高島市長)一言で言うと、愛情たっぷりにスクスクと育った子どもです(笑)。一人っ子で、初孫でもあり、近くに親戚が多く住んでいたこともあって、愛情には非常に恵まれていました。特に祖父母や曾祖父母は、いつも褒めてくれて、可愛がってくれていたことばかりが思い出されます。
悪い事をしようにも、祖父母や両親、親戚の顔が浮かんでしまい、自分のことを大切にしてくれている人たちを悲しませたくないという気持ちになって、結局、大した反抗期もなかったように思います。
また、母親からも勉強しなさいとか、これはダメとか、小学生まではガミガミ言われていたんですが、中学生になると一転して大人として接してくれて、徹底的に自由にさせてくれるようになりました。

松前)お母様との具体的な思い出はありますか?

高島市長)
中学校では喫煙の問題がよくあると思うのですが、中学生の時、誰かが喫煙した時に家庭に向けて注意するためのプリントが配られたんですね。ところが、持って帰って母に見せても、全然気に懸けない。「タバコを吸ってないか、聞かなくていいの」と言った時に、母が、「タバコを吸ってみたら。ハイ。」とタバコを私に差し出したんです。
母はもちろん私が煙を嫌いなことを分かった上でしたのだと思います。でも「ダメ」と言われると反抗したくなる年頃に、母が「私はあなたのことを信じているし、大丈夫」という感じだったので、反抗するポーズを取る必要も無かったですね。
こんな母に育てられたおかげで、自立心が強くなったと思います。まあ、反対にアナウンサーだった父は、忙しくて接する時間が少なかったためか、私をずっと子ども扱いしていたように記憶しています…。(笑)

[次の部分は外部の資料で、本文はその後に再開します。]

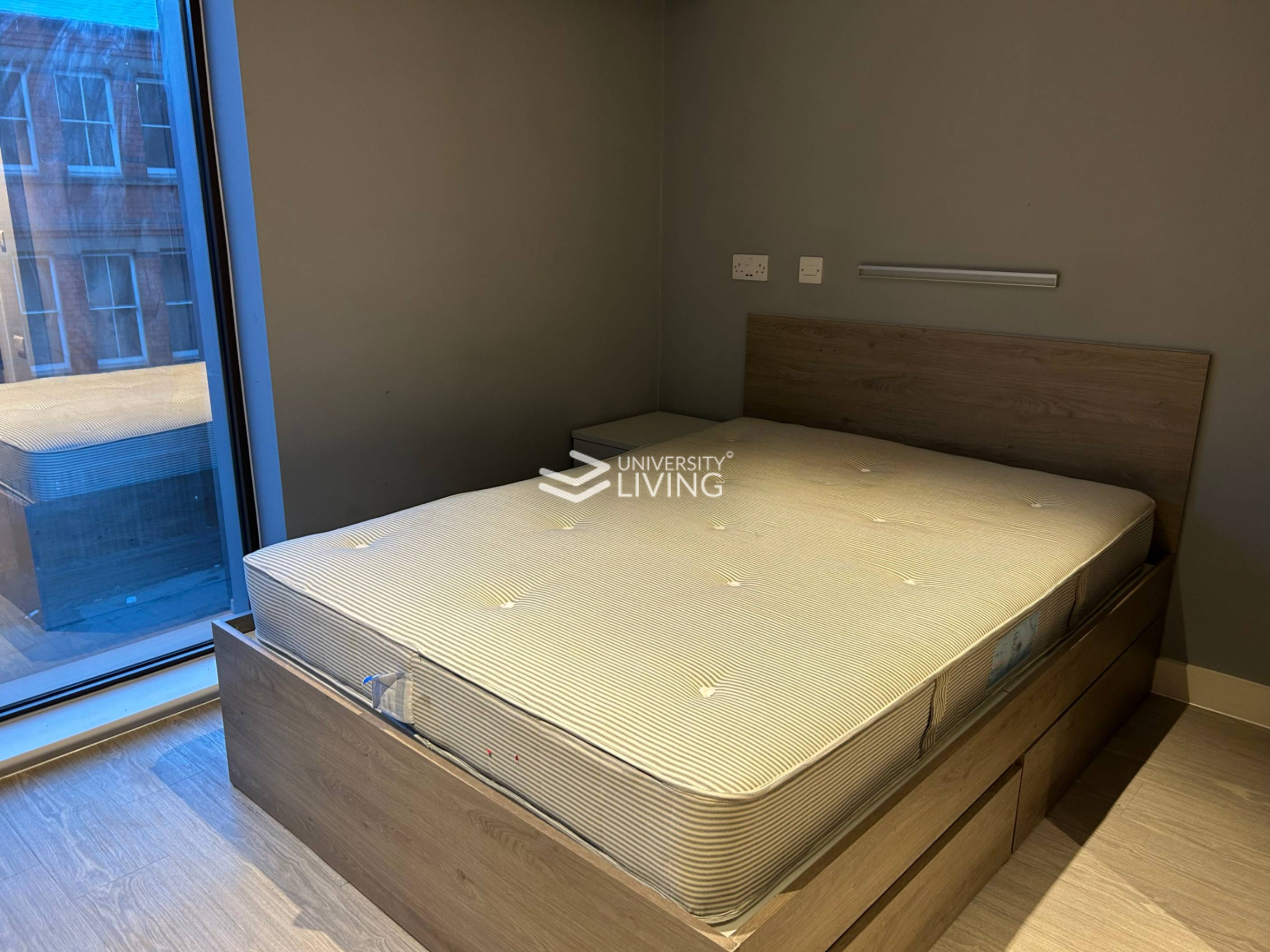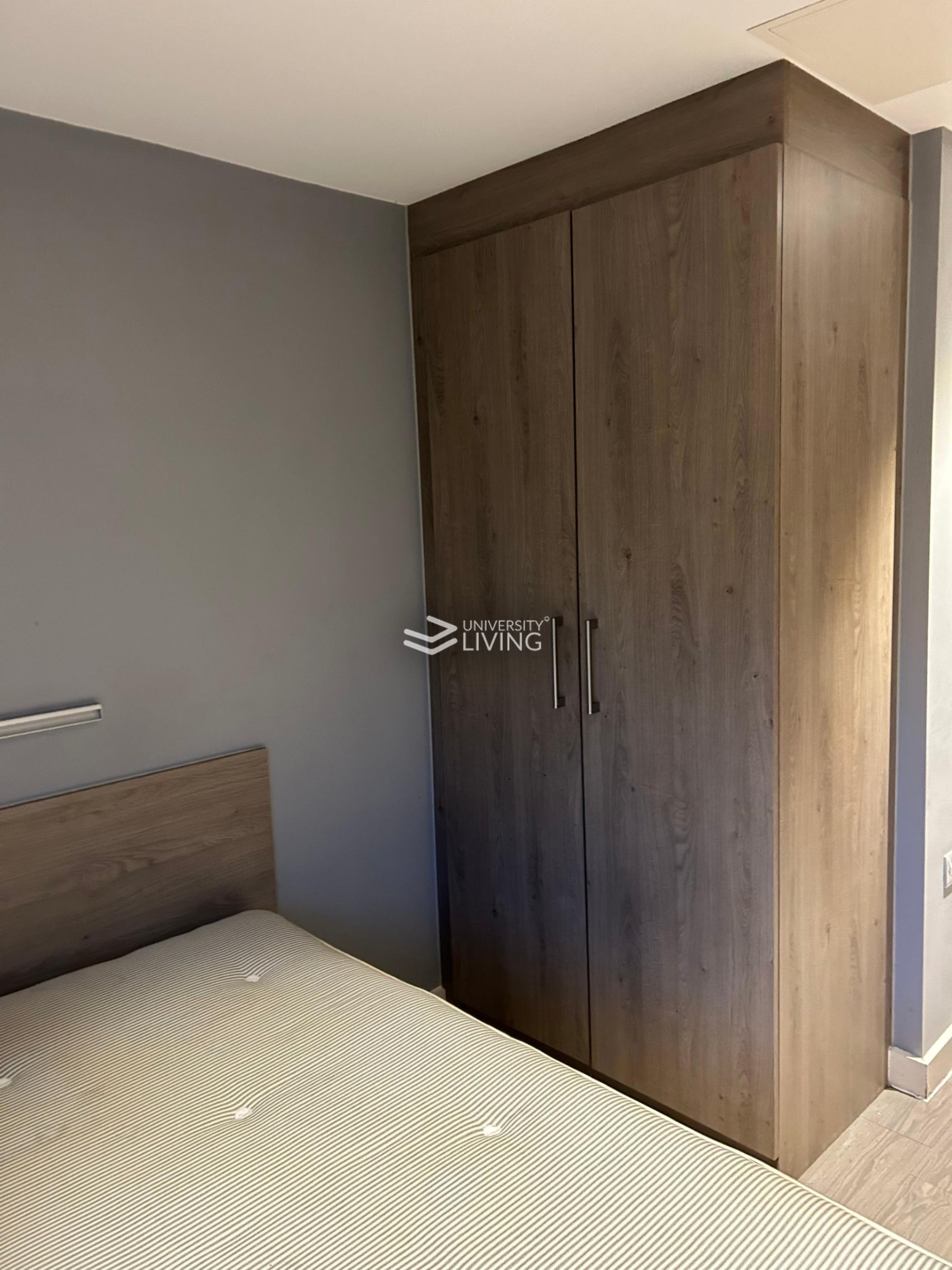 The Bronze 2 Bed Apartment offers a comfortable and practical living space ideal for sharing. Your room features a small double bed, wardrobe, under-bed storage, shelves, and additional storage space to keep everything organised. A study desk with chair and a TV provide both productivity and relaxation. Natural light flows in through the windows, creating a bright and welcoming atmosphere. You’ll have access to an en-suite bathroom with a shower, washbasin and toilet for added convenience. A shared kitchen is available, giving you the space to cook, dine and socialise with your flatmate while enjoying a balanced mix of privacy and community living.

プロレスへの興味が、中東問題へと目を向けるきっかけに

松前)少年時代は部活など、何かに熱中されていましたか?

高島市長)小さい頃からずっとプロレスが好きでしたね。それがきっかけとなって、高校1年生の時に「たったひとりの闘争」というアントニオ猪木さんの本と出会いました。その本には当時、参議院議員を務めていた猪木さんが、イラクに人質となっていた日本人を救出しに行って、実際に解放を実現したことが書かれていたのですが、とても衝撃を受けましたね。ちょうど湾岸戦争の最中で、様々な報道がされていましたけれども、「アメリカが正義で、イラクが悪」のようなステレオタイプな報道の内容と、この本に書かれていることが全然違ったんです。
どうして、こんなに違うのか、興味を持って自分なりに勉強をしていた時に、父親が、政治や中東情勢、経済に関する本を色々買ってくれました。それを無我夢中で読んでいましたね。

松前)お父様が息子の為に。素敵ですね。

高島市長)そうですね。子ども扱いをしてうるさい父ではありましたが、家で時事問題についてはよく話してくれていましたし、自発的に興味が湧いていたあの時期に、父がそれに関する沢山の本を買ってきて、関心を高めてくれていなかったら、今の自分はないかもしれません。

松前)学校の先生から何か影響を受けたことはありますか?

高島市長)高校1年生の時の担任の先生が、「高島、パレスチナ問題について、授業をしてみろ」と言ってくれて、ロングホームルームの時間を自分に任せてくれたことがあるんです。「世界一パレスチナ問題が分かる授業」という感じでやったのですが、友人たちからも好評で嬉しかったですね。
自分が興味を持った時に、父と担任の先生が、時を逃さず、場をつくってくれて、後押しをしてくれたおかげで、自分に自信を持つことができたんだなと、振り返って今はそう思っています。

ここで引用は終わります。